It can detect infection with a small sample of patient’s breath and can be performed using a device that takes less than three minutes to produce results.

According to the agency, the InspectIR COVID-19 breathalyzer can only be used by a trained operator who is qualified and under the supervision of a healthcare provider.

“The FDA continues support the development COVID-19 test with the goal to advance technologies that can help address this pandemic and better position U.S. for next public health emergency,” said Dr. Jeff Shuren (FDA’s top COVID-19 testing official) in a statement.

This test is intended for hospitals, doctors offices, and mobile testing sites. It requires equipment that is about the same size as a piece luggage. According to the FDA, the company can produce approximately 100 instruments per week. Each test can assess around 160 samples per day.

InspectIR’s test uses “gas chromatography gas-mass-spectrometry” to analyze a person’s breathing and detect five compounds that are commonly exhaled by people infected with SARS-CoV-2.

The FDA found that the device could detect 91.2% of patients with symptoms and only 0.7% of false positives. Although the company has announced that it will begin clinical trials in 2020 the FDA claims that a follow-up study found similar accuracy in detecting Omicron variants.

According to InspectIR’s website the company has used similar technology to detect drugs in peoples’ breaths.

According to COVID, the company’s COVID breath test can be used to screen employees as they return to work. It is less invasive than the traditional swabs that are used for most other tests.

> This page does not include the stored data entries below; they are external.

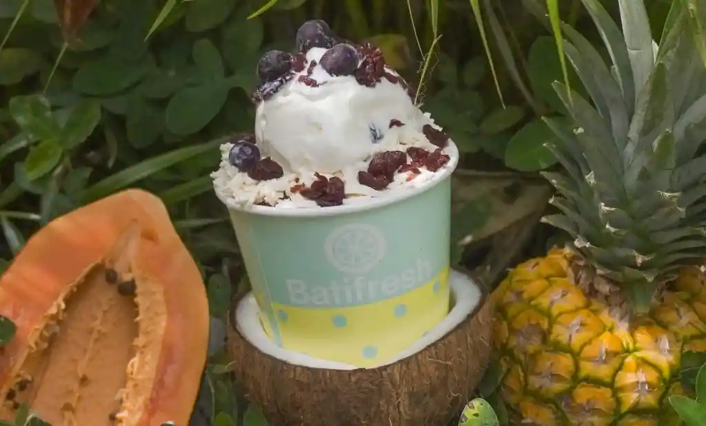 Ensalada de: Piña, papaya, banano, fresas, uvas, helado, queso, kumis y arándanos
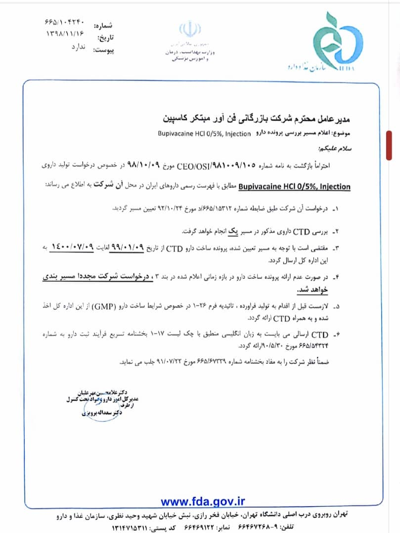 در زمان دریافت مجوز نهایی خود از سازمان غذا و داروی کشور فردی مجهولالهویه با بنده تماس گرفت و خود را موثر در سازمان غذا و داروی کشور معرفی و درخواست کرد در صورتی که مبلغ ۵ میلیارد تومان به وی پرداخت کنم همه مجوزات ما در اسرعوقت صادر میشود که ما نیز ضمن امتناع، گزارش مذکور را به نهادهای ذیربط دادیم اما نهایتا شاهد آن بودیم که از زمان تماس آن فرد تا زمان دریافت مجوز بیش از ۵ ماه معطل شدیم.
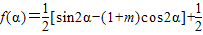 (2)把f(x)的解析式利用二倍角的正弦、余弦函數(shù)公式及積化和差公式化簡(jiǎn)得到關(guān)于sin2x和cos2x的式子,把x換成α,根據(jù)tanα的值,利用同角三角函數(shù)間的基本關(guān)系以及二倍角的正弦函數(shù)公式化簡(jiǎn)求出sin2α和cos2α的值,把sin2α和cos2α的值代入到f(α)=中得到關(guān)于m的方程,求出m的值即可.
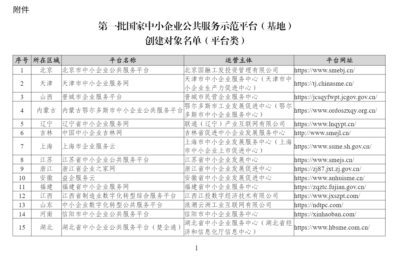 附件:第一批国家中小企业公共服务示范平台(基地)创建对象名单

Our device(s), in less than three (3) minutes can determine if someone is actively infected. If so, they will prevent them from entering/admissioning a facility. In a 2021 post, the company’s president stated that understanding if people are healthy enough to be there “right now” is the only way to create a safety protocol.

Similar to the popular at home COVID-19 test, FDA states that positive breathalyzer results “should be confirmed by a molecular test.”

The FDA has approved other methods to test for the presence of the virus. In August 2020, the FDA authorized a Yale test that tested for the presence of the virus using saliva samples. An antibody test was approved by FDA last year using a finger poke.

Federal government also supported the development a variety of COVID-19 test types, including at-home kits that could one day allow you to test for COVID-19 and flu with just one swab.

Shuren stated, “Today’s approval is yet another example the rapid innovation occurring in diagnostic tests for COVID-19.”